Cast In Motion – a Generational Breakthrough
Since Massivit 3D’s unveiling their proprietary Cast-in-Motion technology the industry has been abuzz. The ramifications for composites tooling were clear from the outset. Using CIM, composite mold manufacturers could save up to 90% of their manual labor costs while shortening their production time by 80%. The key lies in the innovative process by which additive manufacturing is coupled with unique resin casting technology.
Powered by Cast-in-Motion, the new Massivit 10000 uses two different heads that work together in harmony, all guided by the digital precision of the machine’s software. The printing head is focused on creating a “sacrificial” outer shell, while the casting head is responsible for the production mold itself. While groundbreaking, it is a rather straightforward process to understand. While the printing head leads the way, creating that outer shell by deploying an advanced formulation of rapid-curing, photopolymer material, the casting head follows closely behind filling the shell with high-performance casting material that enables true isotropy.

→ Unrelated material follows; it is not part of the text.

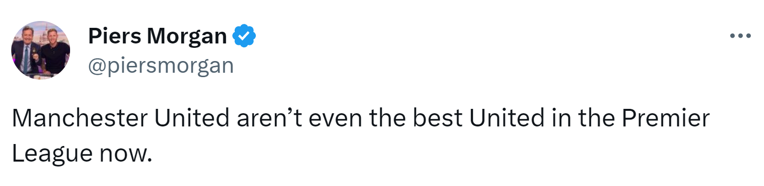 12月3日讯 曼联0-1不敌纽卡斯尔联,著名主持人摩根在社媒发动态调侃。摩根:曼联现在甚至不是英超中最好的“联”了。
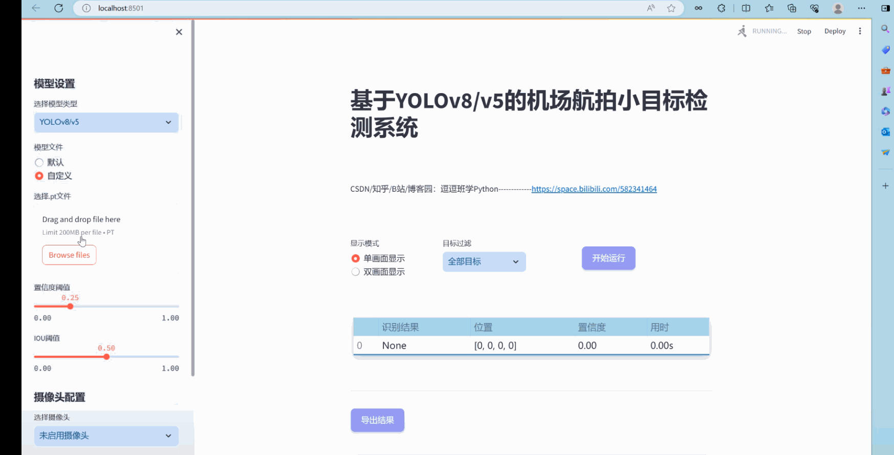 交互式Web界面设计:基于Streamlit框架设计了一个美观友好的Web界面,支持用户通过图片、视频和实时摄像头进行小目标检测,同时提供了模型切换功能,增强了系统的可用性和灵活性。

Thus, printing and casting the mold is done in one step. After curing the mold, it can now be removed from its shell, and here the process retains its simplicity due to the water-breakable properties of the “sacrificial” outer shell. This means the object can be placed in plain water and that outer shell will simply break away – leaving behind the composite mold itself. The mold is now ready and can be post-processed as needed.
That lengthy 19-step process is now down to just 4 steps:
- Printing the Mold
- Oven Curing the Mold
- Submerging the Mold in Water
- Sanding & Polishing the Mold as Required
Direct casting of the mold eliminates the need of creating a master or plug, significantly simplifying and shortening the process of composite molds production. The additive manufacturing of the outer shell also enables exceptional geometry freedom for the most complex of designs. All of this adds up to a significant reduction in tooling costs, while reducing expensive material waste.

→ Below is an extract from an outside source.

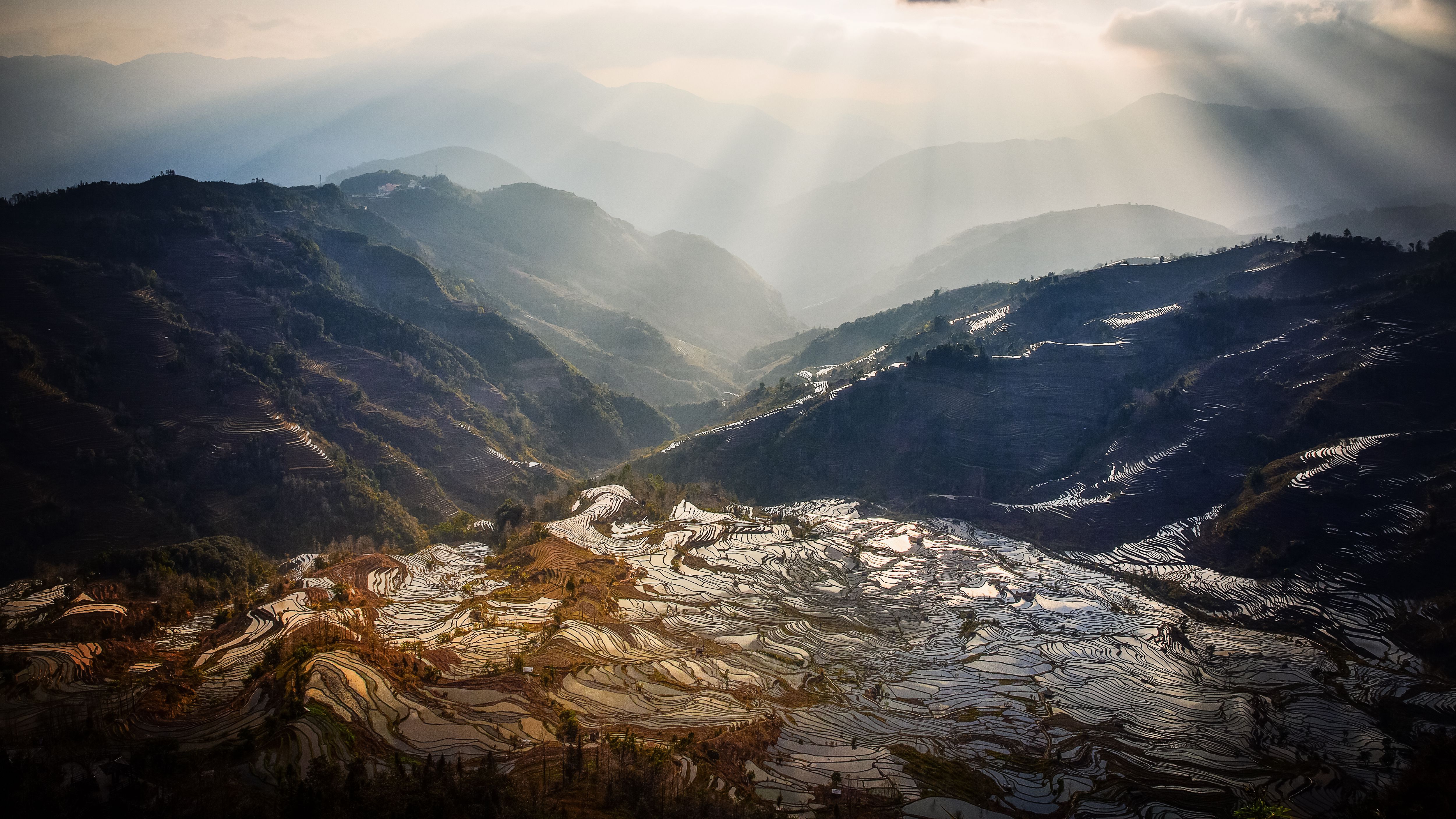 图片介绍:黎明时分,阳光透过云雾照射在梯田上方,形成了美妙的光影效果

Composite Tooling in Days Instead of Weeks
The streamlined Cast-in-Motion process has an array of benefits, but what grabs the attention of composite mold manufacturers is the incredible speed. In this new era of advanced digital 3D printers, composite tooling can be produced in days instead of weeks. This has the power to break the bottleneck of mold production for composite materials, causing a tidal wave of change in the enormous composite materials market.

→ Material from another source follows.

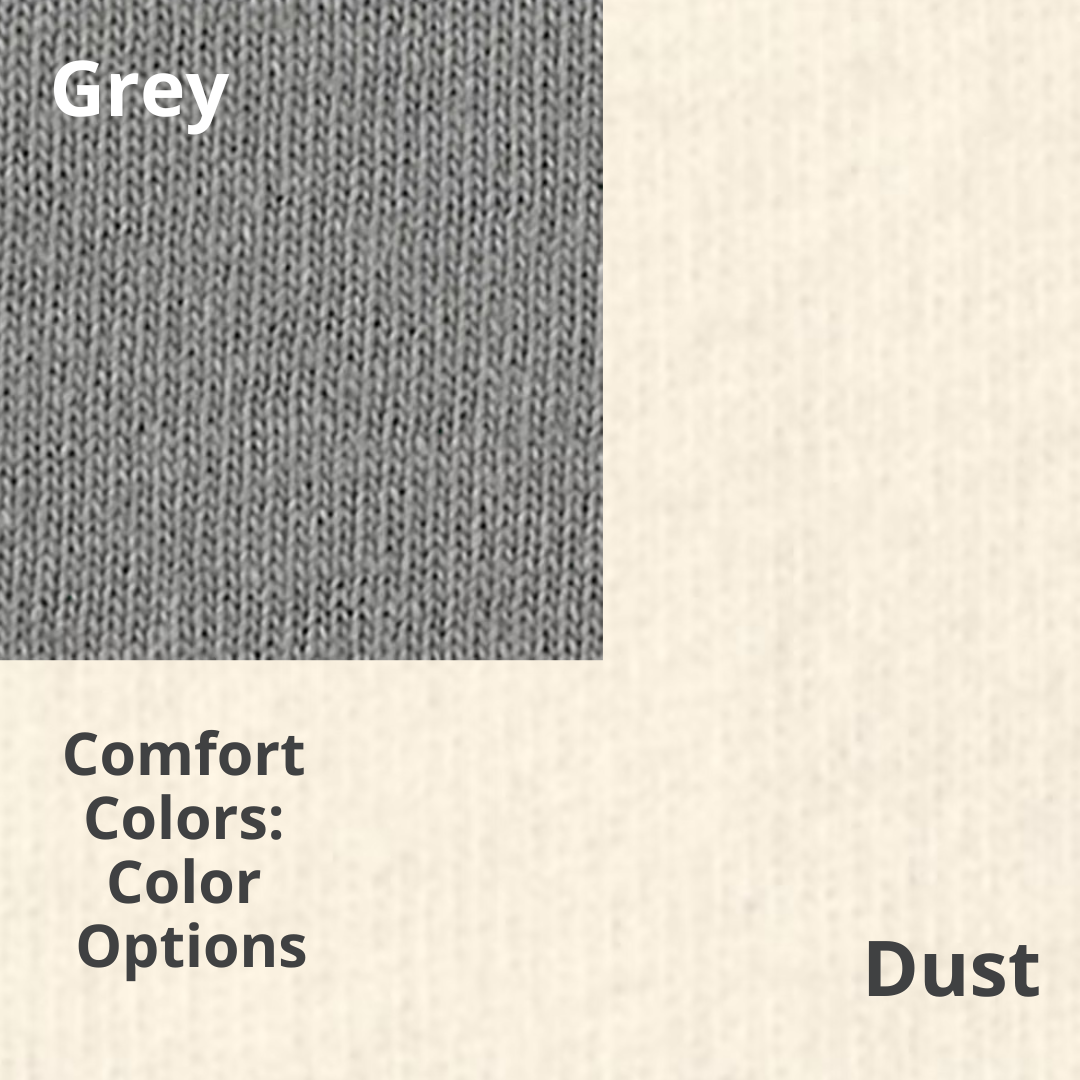 NOTE: The shirt has been photographed in Bella + Canvas colors. The coloring of the Comfort Colors shirts will differ slightly from the shade of Bella + Canvas that is shown in the photos. For Dust, Ivory will be used. For Grey, the Comfort Colors color "Gray" will be used.

With the Massivit 10000 rollout in 2022, composite tooling manufacturers are looking to Cast-in-Motion technology to change the way they’ve always done things. This generational step is an incredible evolution in casting, which itself is a technology that is over 5000 years old. Seminal changes don’t come around very often, but it is clear we are on the cusp of one that could change composites production forever. For technologists and businesses alike, it is an incredible time to be witnessing such a change.